I’ve seen them before but worried about metals leaking into the water. So far everything has been working really good and using co2 this time really made a difference. 20 days in now and this is them so far, stretching like a mother fucker this time. Strawberry kush this is. These two girls are going to be monsters I hope


----------



## Incredible4Mr2E (Mar 26, 2022)

Bucsfan80 said:


> I've done the ice thing but couldn't make it fast enough and to expensive to buy. I looked all over for blocks of ice but they don't sell anywhere around my area. I think a big solid block of ice would last the longest. In the fl heat a block would last on our water keg for a couple days


How’s everything been going for ya?


----------



## Bucsfan80 (Mar 26, 2022)

Incredible4Mr2E said:


> How’s everything been going for ya?


Still chugging along. Good news tho I have a side job coming up and added an extra 10% so I can get my chiller lol


----------



## Incredible4Mr2E (Mar 26, 2022)

Bucsfan80 said:


> Still chugging along. Good news tho I have a side job coming up and added an extra 10% so I can get my chiller lol


Hell ya dude! Me and a buddy are starting todo side work. We have a job coming up with cultured stone and we’re trying to pick up some concrete and brick jobs. Union works been slow the past month, need to work and make money. I was in North Florida a couple years ago doing some work and I can’t believe how slow it is. I couldn’t do it and came back north after that job lol What kind of work you into? The International Bricklayers and Allied Craftworkers (BAC) are always looking for good, hard working men and women. Food for thought brother. Dues suck, they do, but I’ll retire with 2 separate pensions and a descent amount of money in the bank. Social security will be so little and drained by the time I retire, it’s what I’m killing myself for.


----------



## Bucsfan80 (Mar 26, 2022)

I left FL cause how slow it got. I was a stucco plaster there. I'm a Carpenter nowadays


----------



## Incredible4Mr2E (Mar 26, 2022)

Bucsfan80 said:


> I left FL cause how slow it got.

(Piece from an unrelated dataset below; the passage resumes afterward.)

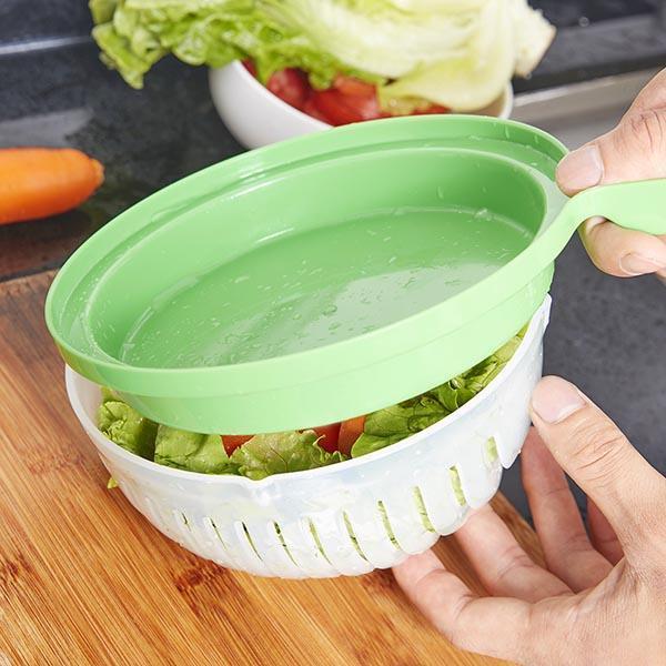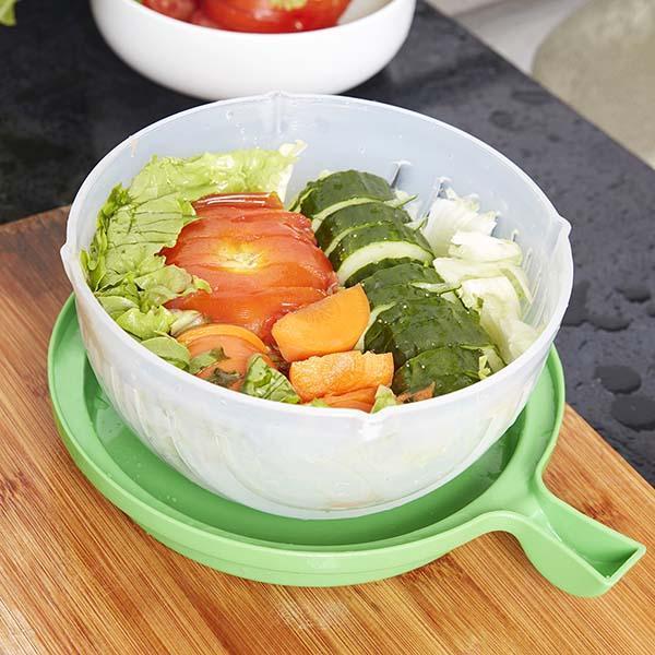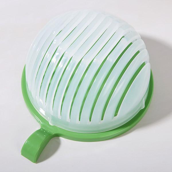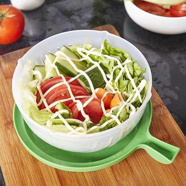 É saudável comer sempre a sua resolução de Ano Novo? Este Cortador de Salada irá ajudá-lo a comer mais salada com pouco esforço! Simplesmente coloque seus ingredientes na tigela, cubra-os e corte-os! Você poderá desfrutar de sua salada fresca e uniforme em menos de um minuto. Coma mais vegetais!

I was a stucco plaster there. I'm a Carpenter nowadays


Stuccoing sucks!


----------



## Bucsfan80 (Mar 26, 2022)

Incredible4Mr2E said:


> Stuccoing sucks!


I loved it did it 10yrs or so.


----------



## Bucsfan80 (Mar 29, 2022)

Incredible4Mr2E said:


> Stuccoing sucks!


How's the chiller holding up?


----------



## Incredible4Mr2E (Apr 5, 2022)

Bucsfan80 said:


> How's the chiller holding up?


Fucking great dude! Keeps my water at 65 degrees constantly. Here’s a picture I just took. I’m 2 days into week 4. I have a third one of them quantum boards that does 250 watts. I want to put it in the middle and spread the light out better and just turn the lights down. I don’t really need 750 watts for a 4x4, just a better spread I hope lmao. How’s your shit been going dude?


----------



## Bucsfan80 (Apr 5, 2022)

Incredible4Mr2E said:


> Fucking great dude! Keeps my water at 65 degrees constantly. Here’s a picture I just took. I’m 2 days into week 4. I have a third one of them quantum boards that does 250 watts. I want to put it in the middle and spread the light out better and just turn the lights down. I don’t really need 750 watts for a 4x4, just a better spread I hope lmao. How’s your shit been going dude?View attachment 5113777


It's been going good nothing to complain about. Clone and mom are doing their thing. As soon as mom finishes clone is getting flipped. I think I'll take a cut off the clone right b4 I flip it instead of trying a seed


----------



## Incredible4Mr2E (Apr 12, 2022)

Bucsfan80 said:


> It's been going good nothing to complain about. Clone and mom are doing their thing. As soon as mom finishes clone is getting flipped. I think I'll take a cut off the clone right b4 I flip it instead of trying a seed


Looks like after this job I’m currently at, their gonna send me todo some stucco work for a military base. This is your fault!!! lmfao.


----------



## Bucsfan80 (Apr 12, 2022)

Incredible4Mr2E said:


> Looks like after this job I’m currently at, their gonna send me todo some stucco work for a military base. This is your fault!!! lmfao.


Stucco is fun


----------



## Incredible4Mr2E (Apr 16, 2022)

Bucsfan80 said:


> Stucco is fun


Hotel life for a week is gonna suck, I’d rather be home every night, but whatever.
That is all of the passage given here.